“Then the rule in the thirteenth century was to place the Virgin in the northern portion?”
“Yes. To the men of that time the north meant the gloom of winter, the dejection of darkness, the misery of cold; the ice-bound chant of the winds was to them the very blast of evil; to the north was the home of the devil, the hell of nature, as the south was its Eden.”
“But that is absurd!” cried Durtal, “the greatest blunder ever introduced into the symbolism of the elements. The medieval sages were mistaken, for snow is pure and cold is chastity. It is the sun, on the contrary, that is the active agent in developing the germs of rottenness, the ferment of vice!
“They forget that the third Psalm of Compline speaks of the hot hour of noon as the most harassing and dangerous of all; they must have overlooked the horrors of sweat and unwholesome heat, the risks of relaxed nerves, of loosened dresses, all the abominations of leaden clouds and hard blue skies!
“There are diabolical effluvia in the storm, and in weather when the air stirs like the vapours from a furnace, rousing evil instincts and bringing about us the raging swarm of evil angels.”
“But remember the passages in which Isaiah and Jeremiah speak of Lucifer as dwelling in the blast of the north wind; and recollect that the great cathedrals did not originate in the south but in the middle and north of France; consequently, after having adopted this symbolism of seasons and weather, the pious architects dreamed of the horror of men buried in snow, and longing for a gleam of sunshine and a bright day. Naturally they thought of the east as the region of the original Paradise, and of those lands as milder and less inclement than their own.”

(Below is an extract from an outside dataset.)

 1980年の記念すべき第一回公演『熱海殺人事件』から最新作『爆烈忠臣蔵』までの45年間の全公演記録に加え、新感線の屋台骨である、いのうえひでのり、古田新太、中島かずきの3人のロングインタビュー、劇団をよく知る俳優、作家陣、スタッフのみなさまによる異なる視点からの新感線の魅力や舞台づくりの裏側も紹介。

“That does not hinder the fact that this theory was controverted by Our Lord Himself.”
“Where do you find that?” asked the Abbe Plomb.
“On Calvary; Jesus died” turning His back to the south, which had crucified Him, and extending His arms on the Cross to bless and embrace the north. He seemed to be withdrawing His favours from the east, ’to bestow them on the west. Hence, if any region is accurst and inhabited by Satan, it is the south and not the north.”

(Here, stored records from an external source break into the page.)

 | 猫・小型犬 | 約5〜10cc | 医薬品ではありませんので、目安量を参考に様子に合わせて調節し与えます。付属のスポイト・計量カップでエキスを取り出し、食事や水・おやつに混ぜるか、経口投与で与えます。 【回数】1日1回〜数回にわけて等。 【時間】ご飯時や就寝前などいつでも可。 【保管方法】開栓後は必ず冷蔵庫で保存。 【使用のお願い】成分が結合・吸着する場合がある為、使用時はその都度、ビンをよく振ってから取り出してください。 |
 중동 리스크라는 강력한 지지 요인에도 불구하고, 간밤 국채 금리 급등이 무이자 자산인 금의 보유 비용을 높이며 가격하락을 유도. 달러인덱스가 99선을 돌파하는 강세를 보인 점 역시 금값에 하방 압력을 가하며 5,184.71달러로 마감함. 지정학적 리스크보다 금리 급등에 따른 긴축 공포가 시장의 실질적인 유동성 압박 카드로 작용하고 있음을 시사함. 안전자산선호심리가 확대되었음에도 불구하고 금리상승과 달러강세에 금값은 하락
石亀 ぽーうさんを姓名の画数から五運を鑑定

“You abominate the south and its races, that is evident,” said the Abbe, laughing.
“I do not love them. Their scenery, vulgarized by crude daylight, their dusty trees standing out against a sky of washerwoman’s blue, have no charm for me; as to the natives, hairy and noisy, with a blue bar under their nostrils if they shave, I flee from them!”
“Here, in short, we are face to face with a fact which no discussions can alter. This side of the church is dedicated to the Virgin. Shall we now examine it, first as a whole, and then in detail?
“This portal, brought forward like an open porch, a sort of verandah in front of the doors, is an allegory of the Saviour showing the way into the heavenly Jerusalem. It was begun in the year 1215 under Philip Augustus, and finished by about 1275, under Philip the Bold; thus it was nearly sixty years in building, the greater part of the thirteenth century. It is divided into three parts, corresponding to the three doors behind it; there are more than seven hundred statues grouped here, large and small, representing, for the most part, personages from the Old Testament.